Measurement is both a compass and a trap. It tells us where we are, where we are heading, and how far we’ve gone. Yet the same act of measuring can twist incentives, distort reality, and lead us astray. Two intellectual giants captured this paradox: Peter Drucker with his famous dictum, “If you can’t measure it, you can’t improve it”, and economist Charles Goodhart with his cautionary law, “When a measure becomes a target, it ceases to be a good measure.”
At first glance, Drucker and Goodhart seem to stand on opposite ends of a spectrum, one urging us to measure everything for progress, the other warning that measurement itself may betray us. But if we follow their ideas carefully, a more nuanced truth emerges: they are not adversaries, but complementary forces, like an engine and brakes, that, together, allow us to move safely and effectively through the landscape of improvement.
This article explores both insights in depth: what they mean, their misinterpretations, their interplay, and how they form a complete philosophy of measurement.
Peter Drucker’s dictum is deceptively simple: improvement requires feedback. Without some form of measurement, whether numerical or qualitative, you cannot know if your efforts are working. Measurement defines what “better” looks like, creating a standard against which to compare progress, human mind has evolved to work in a comparative manner. It establishes feedback loops that allow us to detect whether actions are pushing us forward or dragging us backward. Most importantly, it grounds decisions in evidence rather than hunches. In management, education, or personal growth, metrics are the engine of improvement: they accelerate learning and drive purposeful action. Without them, we are simply guessing.
Despite its clarity, Drucker’s idea is often misapplied. Many interpret it as suggesting that only numbers matter, reducing the rich texture of human experience to cold spreadsheets or ticked To-Do list. Yet Drucker never excluded qualitative insights; he meant measurement in the broad sense, including observations and subjective evaluations. Others believe his dictum means that unmeasurable things cannot improve, but history proves otherwise: art, ethics, and relationships evolve without strict metrics, though measurement can still sharpen these processes. Another common trap is assuming we should measure everything, but over-measurement creates noise and false precision. Finally, some confuse measurement with control, believing that tracking numbers automatically solves problems. In truth, metrics merely signal; they do not repair.
Drucker’s principle, then, is about necessity rather than sufficiency. Measurement is the starting point of improvement, not its guarantee.
Goodhart’s Law warns us that once a metric becomes a target, it loses its value as an indicator. Metrics are useful only when they serve as neutral reflections of reality. The moment they are tied to incentives or rewards, people inevitably learn to optimize the number itself, often at the expense of the underlying goal. A test score stops measuring learning when students are taught to memorize answers or game exams. A hospital’s average discharge time stops measuring patient wellbeing when staff rush people out prematurely. A company’s quarterly revenue stops reflecting long-term health when executives manipulate short-term sales figures. The mechanisms of failure are diverse. Metrics are gamed when people find loopholes that inflate the number without improving the system. They create perverse incentives when optimizing the metric actively harms the larger goal, such as schools lowering standards to boost pass rates. And they cause overfitting when organizations become so fixated on one number that they lose sight of the bigger picture. In each case, the measure has ceased to measure what it was meant to.

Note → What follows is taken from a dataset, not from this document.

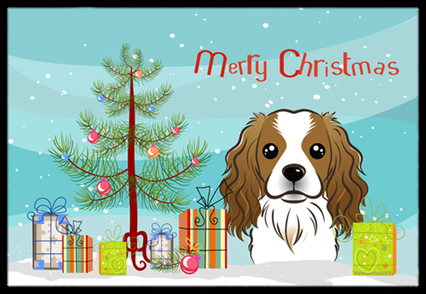 Caroline's Treasures BB1596MAT Christmas Tree and Cavalier Spaniel Doormat 18x27 Front Door Mat Indoor Outdoor Rugs for Entryway, Non Slip Washable Low Pile, 18H X 27W
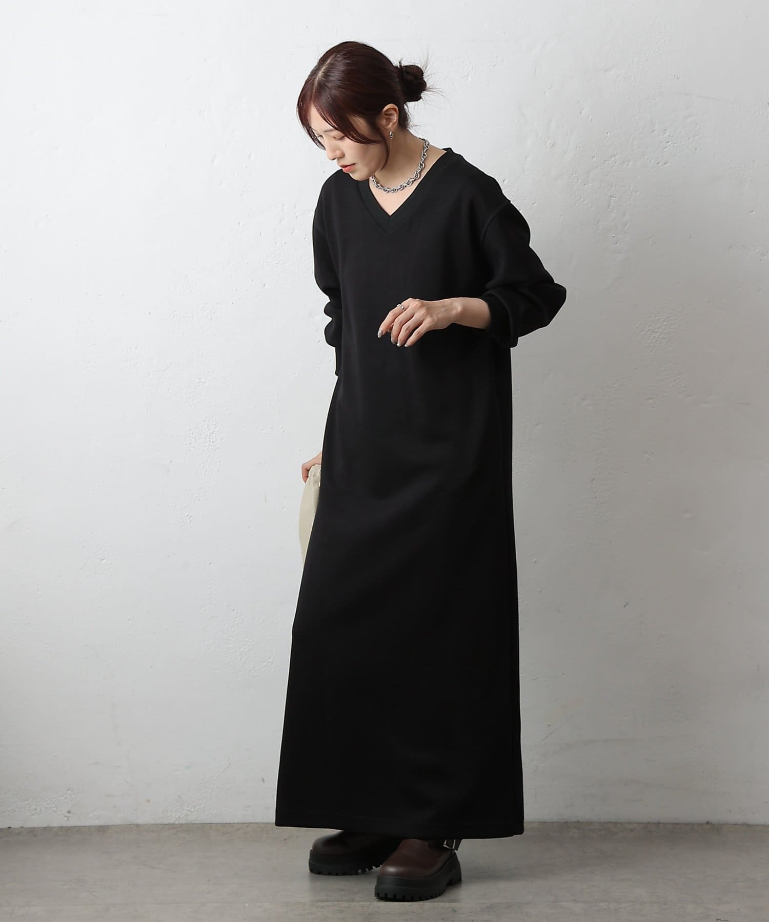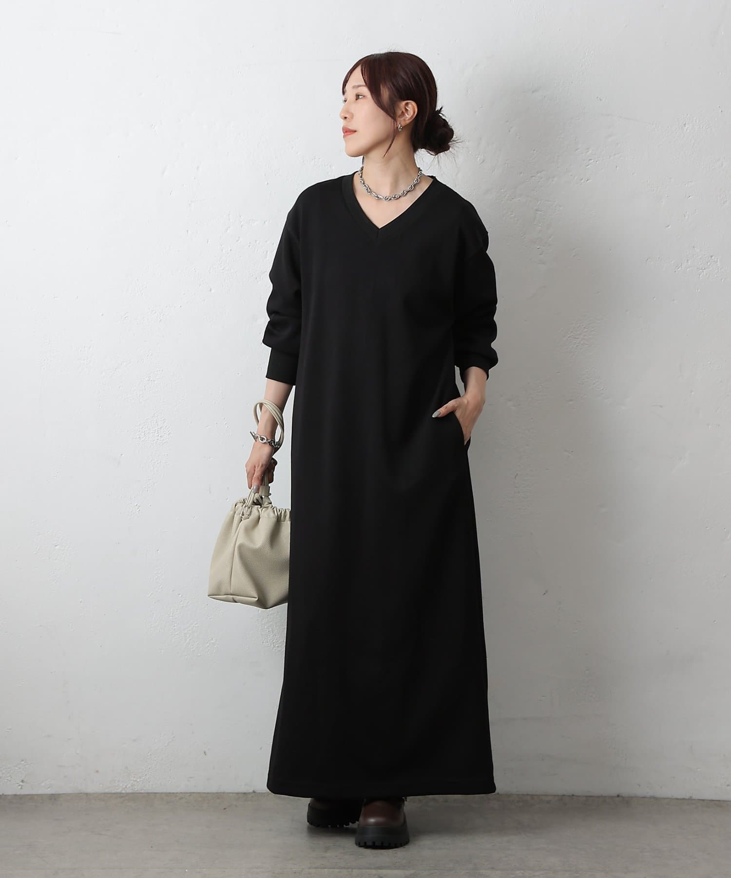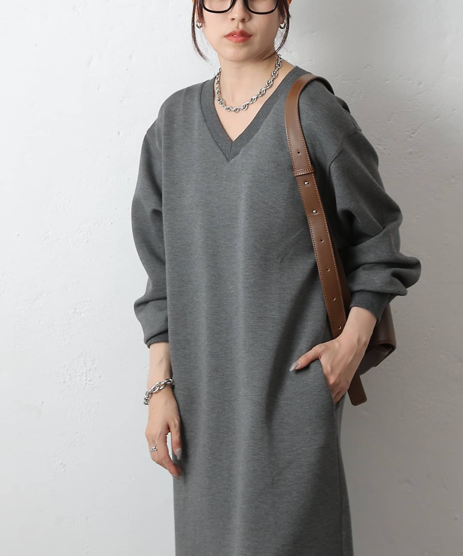 【美シルエット×快適素材、ダンボールVネックワンピース】

Goodhart’s insight, too, is often misunderstood. Some interpret it as saying that measurement itself is bad, but this is inaccurate: the law presupposes that measurement is already in use. Others assume it implies that all metrics will eventually fail, which is not true. Metrics fail when they are rigidified into sole targets without adaptation. Finally, some argue that we should abandon metrics altogether, but this is impossible. Systems need feedback to function. Goodhart is not anti-measurement; it is anti-naïve measurement.
No measurement can be entirely immune to Goodhart’s Law, because the problem arises not from the metric itself but from the act of turning it into a target. When optimization pressure is applied, even the best proxy eventually loses correlation with the underlying goal. However, measurements can be made more resistant to Goodharting. One approach is to use ensembles of independent metrics, making it harder to exploit all at once. Another is to design dynamic or adversarial shifting metrics that adapt against gaming. Process-based metrics, which evaluate how results are achieved rather than only outcomes, also reduce vulnerability. Human oversight and domain-specific constraints (like physical limits on energy or time) can act as anchors. The goal, then, is not to design a “Goodhart-proof” metric, which is impossible, but to create ones that fail gracefully, resist exploitation, and reveal gaming quickly enough to enable correction.
Despite their apparent opposition, Drucker and Goodhart have much in common. Both revolve around the link between measurement and improvement, acknowledging that without metrics, systems cannot progress effectively. Both recognize that metrics shape behavior, sometimes for the better, sometimes for the worse. Both demand careful selection of measures that align with true goals. And both are, in their own way, cautionary: Drucker warns against blindness, while Goodhart warns against distortion.